What made zero downtime achievable

Not luck. Guardrails.

We made sure readiness probes actually reflected real health—not just that a process was running, but that the application was ready to serve traffic. We kept enough replicas running for anything that mattered, so when we drained a node, traffic just shifted to another pod. We set disruption budgets so node drains couldn’t become outages. We used rollout strategies that limited blast radius: if something broke, it broke small, and we’d know exactly what it was.

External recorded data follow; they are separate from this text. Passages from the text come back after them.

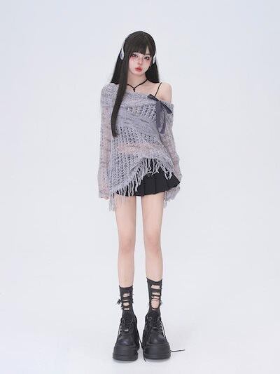 2024新入荷 スーツ集合 韓国ファッション 春夏 グレーのリボンセーター 長袖 ゆったり Tシャツファッションクール ニット フリンジトップスブラウス
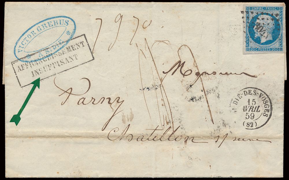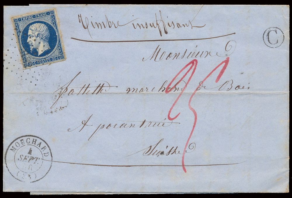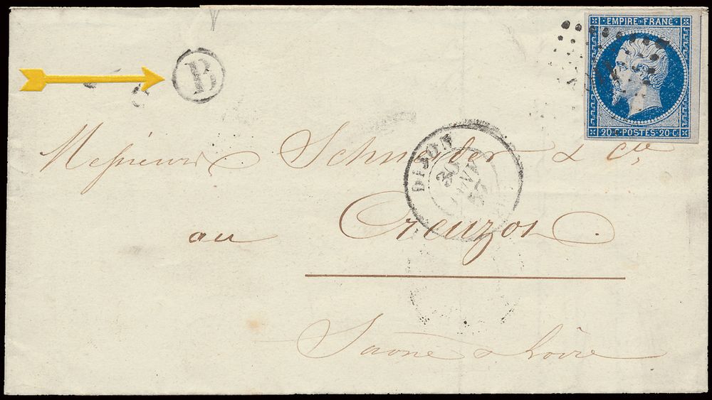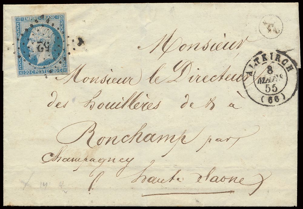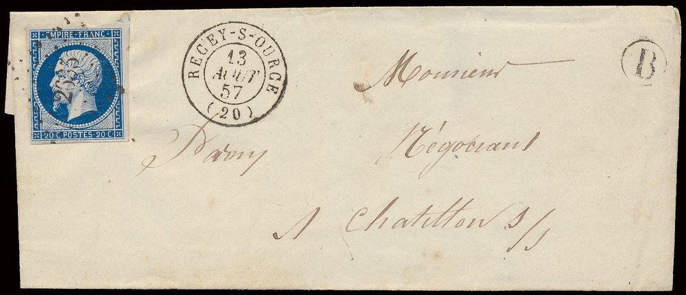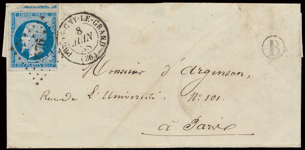 margins and with Parisian cancel "DS2-lettres Romaines" on letter from Paris to Munich Gladbach 13/6/1854, however, the correct franking was only 70c., very nice and rare letter, vf (Maury ++€2,700)(Image 1)
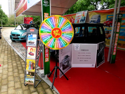 展位剛剛搭建好,就吸引很多好奇小朋友的“旋轉盤”。連不少大人見了都忍不住伸手轉一把試試手氣,真是童心未泯。不過轉盤上的顏色花花綠綠倒也相映成趣了不是?后來這個轉盤在熱情的車友“撫摸”下,整個卸倒了⊙╊⊙b汗!
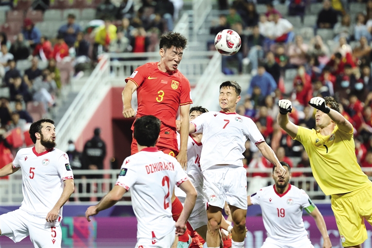 中国队本应该有机会1:0拿下比赛,度过平庸的大部分时间后,第80分钟年轻的申花中卫朱辰杰在角球进攻中,用一记漂亮的狮子甩头攻破了塔吉克斯坦队的球门。只不过,沙特主裁奥伊什经视频助理裁判提醒后,认为中国队有球员越
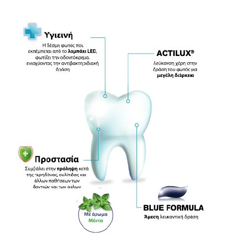 Οι μικροκρύσταλλοι που περιέχει το Actilux δεσμεύονται στο σμάλτο του δοντιού μετά από κάθε βούρτσισμα. Με κάθε χαμόγελο, το φως ενεργοποιεί τους μικροκρυστάλλους του Actilux, κάνοντας τα δόντια σας πιο λευκά, προστατεύοντας τα ταυτόχρονα από τερηδόνα ουλίτιδα και άλλες παθήσεις των δοντιών και των ούλων.
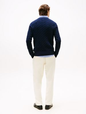The traditional cable-knit pattern adds timeless appeal to this versatile jumper that's crafted from pure combed cotton and finished with flag embroidery.
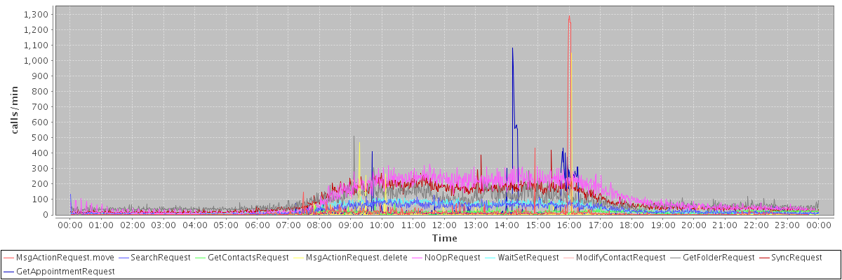 max(MsgActionRequest.move) = 1294.00 max(SearchRequest) = 132.00 max(GetContactsRequest) = 94.00 max(MsgActionRequest.delete) = 1055.00 max(NoOpRequest) = 330.00 max(WaitSetRequest) = 127.00 max(ModifyContactRequest) = 231.00 max(GetFolderRequest) = 512.00 max(SyncRequest) = 419.00 max(GetAppointmentRequest) = 1086.00
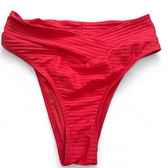 Aeropostale Red Ribbed High-Cut Bikini Bottom

We watched the metrics. Latency, error rates, saturation—the stuff that tells the truth. If anything looked interesting, we’d pause. If it looked wrong, we’d roll back. And rollbacks were boring and fast: flip a node selector, pods reschedule, done.

When those guardrails are in place, the migration stops being scary. It becomes operational work. You’re not hoping nothing breaks. You’re confident that if something breaks, you’ll catch it early and fix it fast.

The takeaway

For us, moving to ARM wasn’t just about cost—though yes, saving money matters.

It was about alignment.

When your dev world is ARM and your prod world is x86, you’re carrying friction you don’t need. Migrating production to ARM let us simplify the story, harden our build pipeline, and validate compatibility in a structured way—without interrupting users.

And personally, it reinforced the best part of running a serious side cluster:

Work makes the side project better. The side project makes work safer. That loop is worth more than any single migration.